The Council of the Royal Society approved Robert Hooke’s most famous work, Micrographia on 23 November 1664. The printers to the Society, John Martyn (1617/18–80) and James Allestry (d. 1670), printed the volume initially in 1665, and the title page indicated that the book would be available at their shop at the ‘Bell in St. Paul’s Church Yard’.[7] The title page of the 1667 edition held in the Edward Worth Library states that it was available for sale from John Martyn’s shop at the ‘Bell a little without Temple Barr’. In England’s golden age of science, Robert Hooke dedicated his book to King Charles II (1630–85). He saw the monarch’s peaceful rule as beneficial for research. Hooke felt compelled to present his findings, nurtured by royal stability, back to the crown. This gesture symbolized the symbiosis between sovereign and scholar in an era of intellectual growth. The author also dedicates the book to the Royal Society, of which he was recently made a fellow.

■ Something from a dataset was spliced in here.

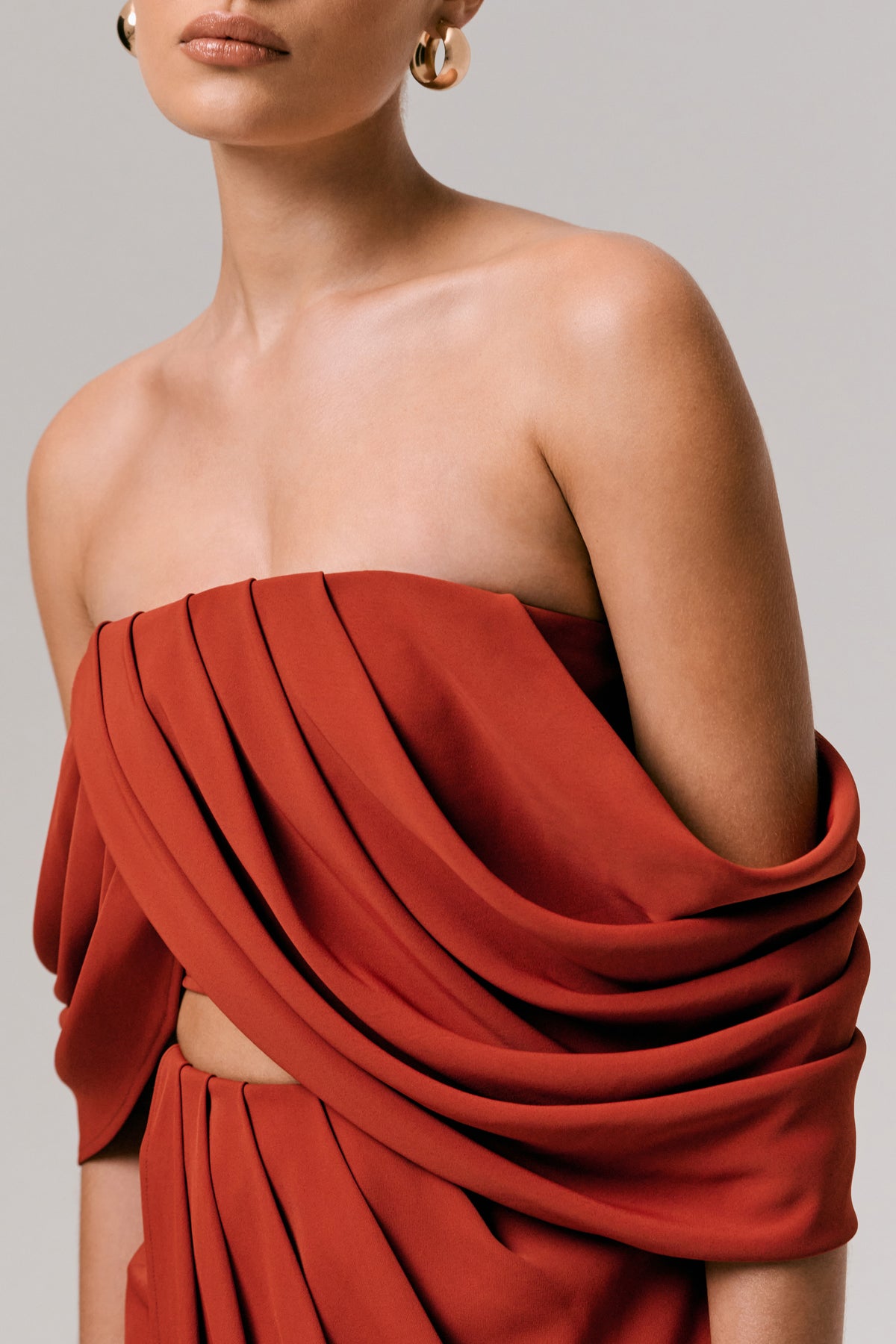 Exude effortless elegance this season in our Talika top. Designed in a rich terracotta shade of our premium lightweight woven, this crop top is designed to stun at any summer occasion. Talika is finished with a chic bardot neckline that features elegant draping. The corseted bodice ensures you're completely snatched and feel as good as you look. Style with our Zelina skirt and gold jewellery for the ultimate look.
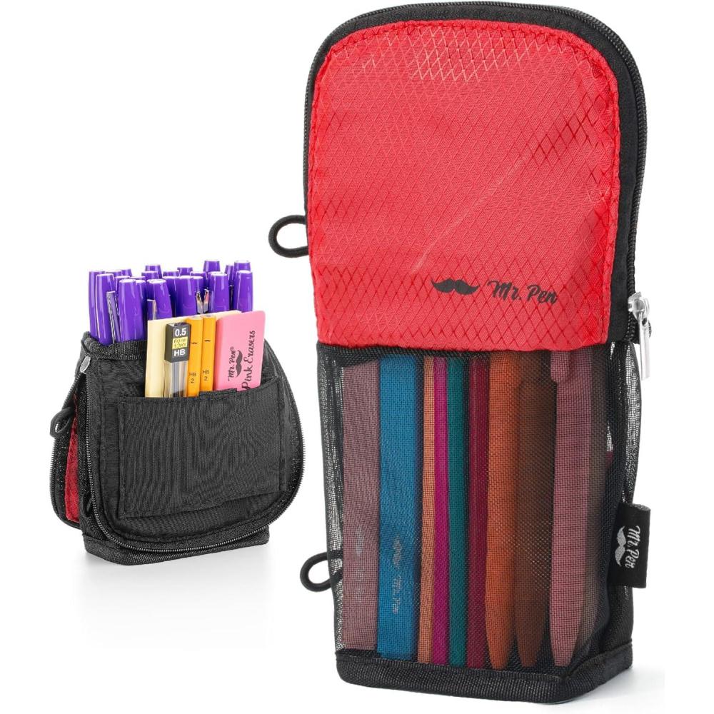 Mr. Pen- Standing Pencil Case Pouch, Sit & Lay Mesh-View Design, Black with Red Zipper, Interior Pocket & 2 Elastic Binder Loops, Cute Pencil Case for Girls and Boys(Black & Red)

Micrographia contains many exquisite illustrations, drawn by Hooke himself. The images represent the detail and specificity that the microscope provided Hooke with, and the subjects captured within the volume’s pages express the advancement compared to other drawings of microorganisms at the time. To create these images, Hooke used a polished metal plate. He painted it with an acid-resistant layer of wax or varnish, then scratched the drawing through this layer with a needle to show the metal beneath. Finally, the plate was immersed in acid until the intaglio image was engraved into the plate.[8] Beyond the artistry of its illustrations, Micrographia exhibits an unusual distinctiveness through its use of language, as it was printed in English, unlike many scientific books before it that had been circulated in Latin, such as English scientist William Harvey’s discovery of the circulation of blood through the heart and blood vessels in his book Exercitatio Anatomica de Motu Cordis et Sanguinis in Animalibus (Frankfurt, 1628).[9] Hooke’s choice to publish his book in English made it accessible to a wider range of people, sharing the advancements made in both literature and science during this time.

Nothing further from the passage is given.